Assigned task – Without the images, print every line of the material below exactly as given.

Supplied data –
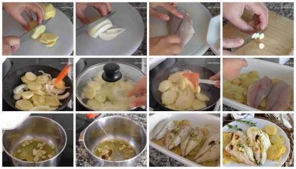Cuando tengamos las patatas las colocamos en la base de una bandeja apta para el horno, sobre estás colocamos los las doradas con la piel hacia abajo y metemos la bandeja en el horno.
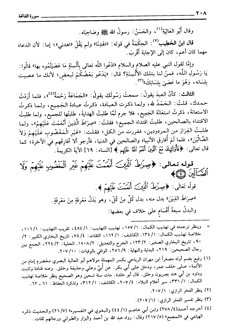 الثالث: كانّ العبدَ يقولُ: سمعتُ رَسُولَك يقولُ: «الجَمَاعَةُ رَحْمَةٌ» ، فلما أَرَدْتُ حمدك، قلتُ: الحَمْدُ لله، ولما ذكرت العبادة، ذكرُ عبادةَ الجَمِيع، ولما ذكرتُ الاستعانةَ، ذكرتُ استعَانَة الجَمِيع، فلا جرم لَمَّا طلبتُ الهدايةَ، طلبتُها للجميع، ولما طلبتُ الاقتداءَ بالصالحين، طلبتُ اقتداءَ الجميع؛ فقلتُ: «غَيْرَ الْمَغْضُوبِ عَلَيْهِمْ وَلاَ الضَّالِّيْنَ» ، فلما لَمْ أُفارِق النبياءَ والصالحين في الدنيا، فأرجو ألا أفارِقََهم في الآخرة؛ كما قال تعالى: {فأولئك مَعَ الذين أَنْعَمَ الله عَلَيْهِم} [النساء: 69] الآية الكريمةَ.
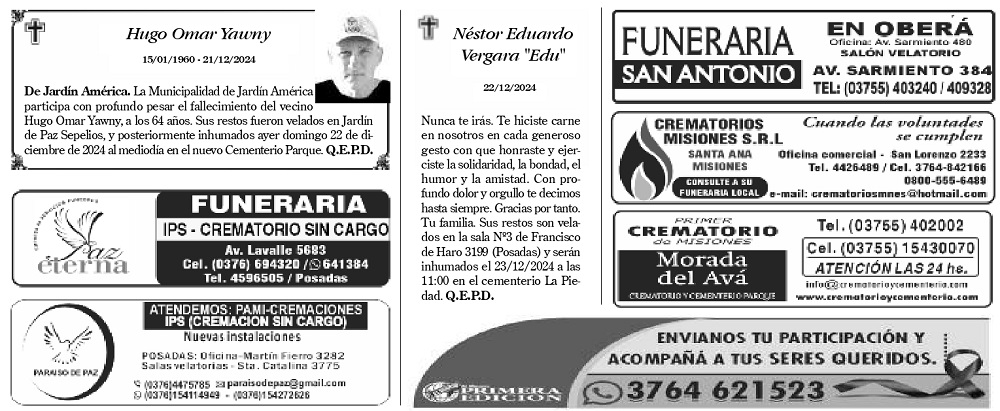 • Fúnebres del Sábado 21 de Diciembre de 2024
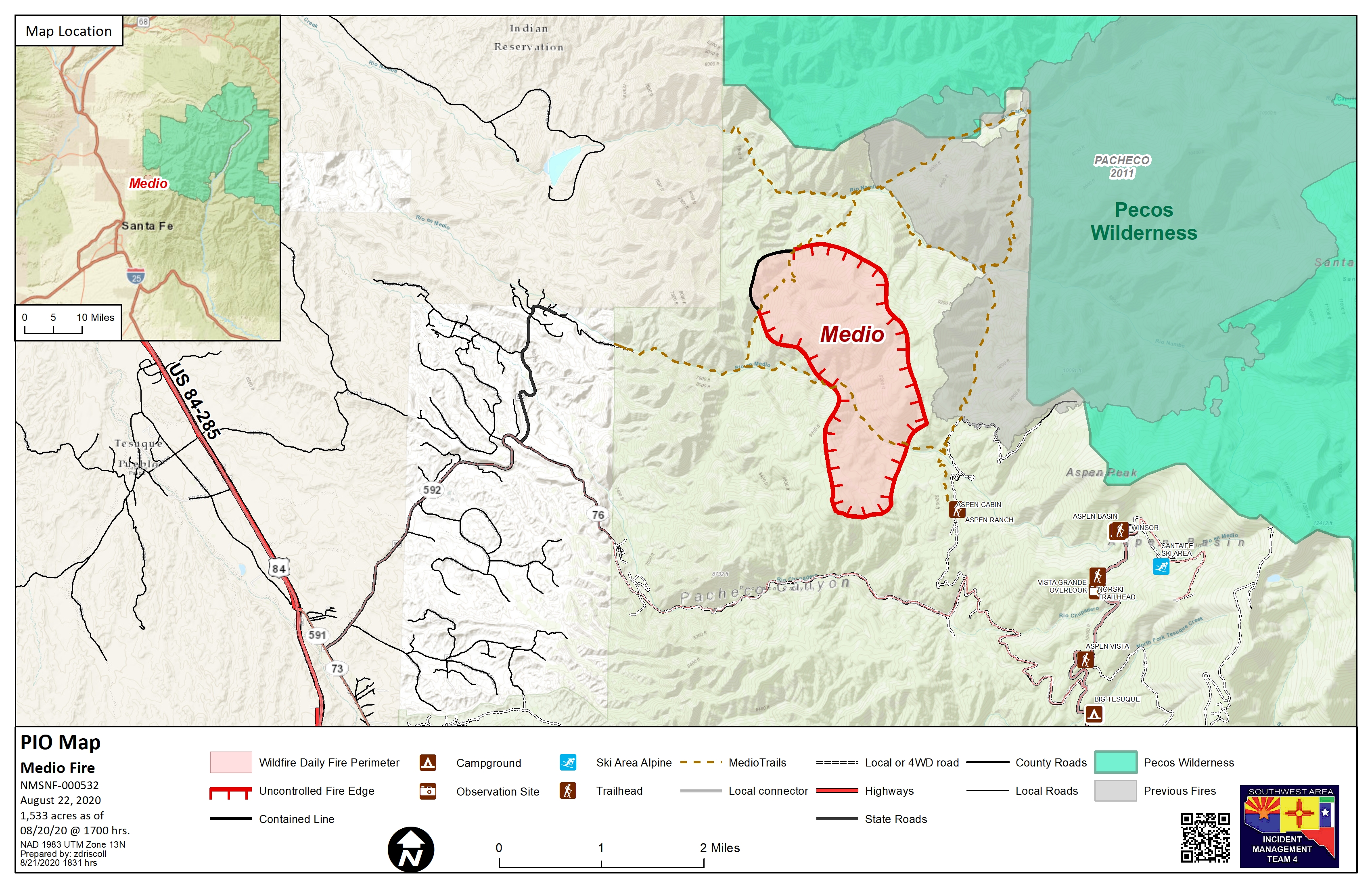 Smoke: Smoke from the Medio Fire is likely to be visible from Santa Fe and surrounding communities as well as along the I-25 and US-285 corridors. Smoke-sensitive individuals and people with respiratory problems or heart disease are encouraged to take precautionary measures. Information on air quality and protecting your health can be found at https://www.env.nm.gov/air-quality/.

Task response –
Cuando tengamos las patatas las colocamos en la base de una bandeja apta para el horno, sobre estás colocamos los las doradas con la piel hacia abajo y metemos la bandeja en el horno.
 الثالث: كانّ العبدَ يقولُ: سمعتُ رَسُولَك يقولُ: «الجَمَاعَةُ رَحْمَةٌ» ، فلما أَرَدْتُ حمدك، قلتُ: الحَمْدُ لله، ولما ذكرت العبادة، ذكرُ عبادةَ الجَمِيع، ولما ذكرتُ الاستعانةَ، ذكرتُ استعَانَة الجَمِيع، فلا جرم لَمَّا طلبتُ الهدايةَ، طلبتُها للجميع، ولما طلبتُ الاقتداءَ بالصالحين، طلبتُ اقتداءَ الجميع؛ فقلتُ: «غَيْرَ الْمَغْضُوبِ عَلَيْهِمْ وَلاَ الضَّالِّيْنَ» ، فلما لَمْ أُفارِق النبياءَ والصالحين في الدنيا، فأرجو ألا أفارِقََهم في الآخرة؛ كما قال تعالى: {فأولئك مَعَ الذين أَنْعَمَ الله عَلَيْهِم} [النساء: 69] الآية الكريمةَ.
 • Fúnebres del Sábado 21 de Diciembre de 2024
 Smoke: Smoke from the Medio Fire is likely to be visible from Santa Fe and surrounding communities as well as along the I-25 and US-285 corridors. Smoke-sensitive individuals and people with respiratory problems or heart disease are encouraged to take precautionary measures. Information on air quality and protecting your health can be found at https://www.env.nm.gov/air-quality/.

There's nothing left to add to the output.